My blog title, Ossessione, American Style, is taken from a movie by Count Luchino Visconti, who borrowed the plot of his astonishing debut film, Ossessione, from James M. Cain's novel, The Postman Always Rings Twice. Unfortunately, Visconti never paid for the rights and his film was not shown in the U.S. until many years after its release. The star of the movie, Massimo Girotti, would be People's "Sexiest Man Alive" many years running had the zine been around at the time. We first see him as a truck driver in a filthy sleeveless athletic undershirt, another of my obsessions: remember Paul Newman in an a-shirt (e.g. Hud or Cool Hand Luke)? Nowadays, they cheapen this garment who confuse it with something tank troops wore in World War I. The a-shirt is an undershirt, usually with thin bands over the shoulders; a tank top is a shirt without sleeves, akin to a "muscle shirt," only with wider bands over the shoulders. But, I digress....)
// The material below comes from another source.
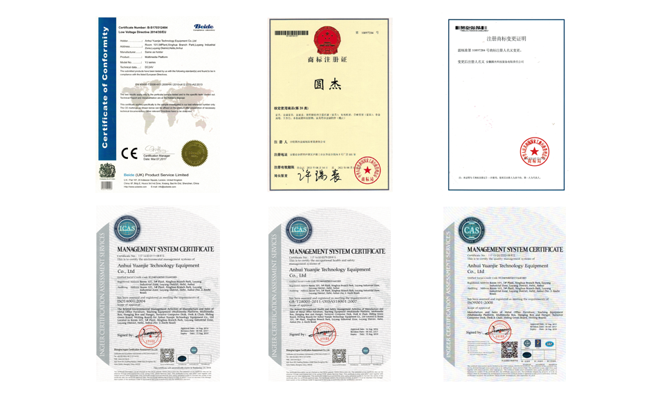 安徽圓杰科技裝備有限責任公司成立至今,堅持以領先的技術、優(yōu)良的商品、完善的售后服務、微利提取的原則服務于社會。產品企業(yè)都通過 ISO9001國際質量體系認證,ISO14001環(huán)境管理體系認證,先后獲得了質量信譽雙保證示范單位、中國高新技術企業(yè)、全國辦公家具行業(yè)十大暢銷品牌等榮譽稱號。所生產的產品得到了政府及教育主管部門的認可和支持,并得到了客戶的一致認同及市場的好評,現已成為中國教育裝備行業(yè)協會會員單位。

The purpose of this photo/comment column is to present a record of my obsessions. These are wide-ranging and diverse. This blog is not intended to be pornographic. The only pornography today is in politics.

Friday, September 28, 2012

Carleton Captured Boy Dreamers




TV used to be all UHF and you mostly got snow, but from time to time shows, and that meant, eventually, old MGM musicals, which I hated (and still mostly do), even the ones with that 1950s gay icon of icons, Judy Garland, so I had to have known I would be a failed homo, and then I saw Carleton Carpenter and I thought, men can be beautiful like women.  And it wasn't even a Judy Garland musical but one with Debbie Reynolds, and I was more interested in him than her: Kenneth Anger has said that Satan won the war with Christian morality when he invented Hollywood and the movies.  I paraphrase, but you get the point.  It is an amoral world out west: when "Aba Daba Honeymoon" was written in 1914, could Arthur Fields and Walter Donovan have had any idea how positively Darwinian it sounded in a song that is essentially a duet between a monkey and a chimpanzee?  For their 1950 movie, Two Weeks With Love, director Ray Rowland used the stars to the max.

My dislike of musicals does not extent to the duet. Carleton and Debbie went into a studio and made a record of the song.  It sold over one million copies.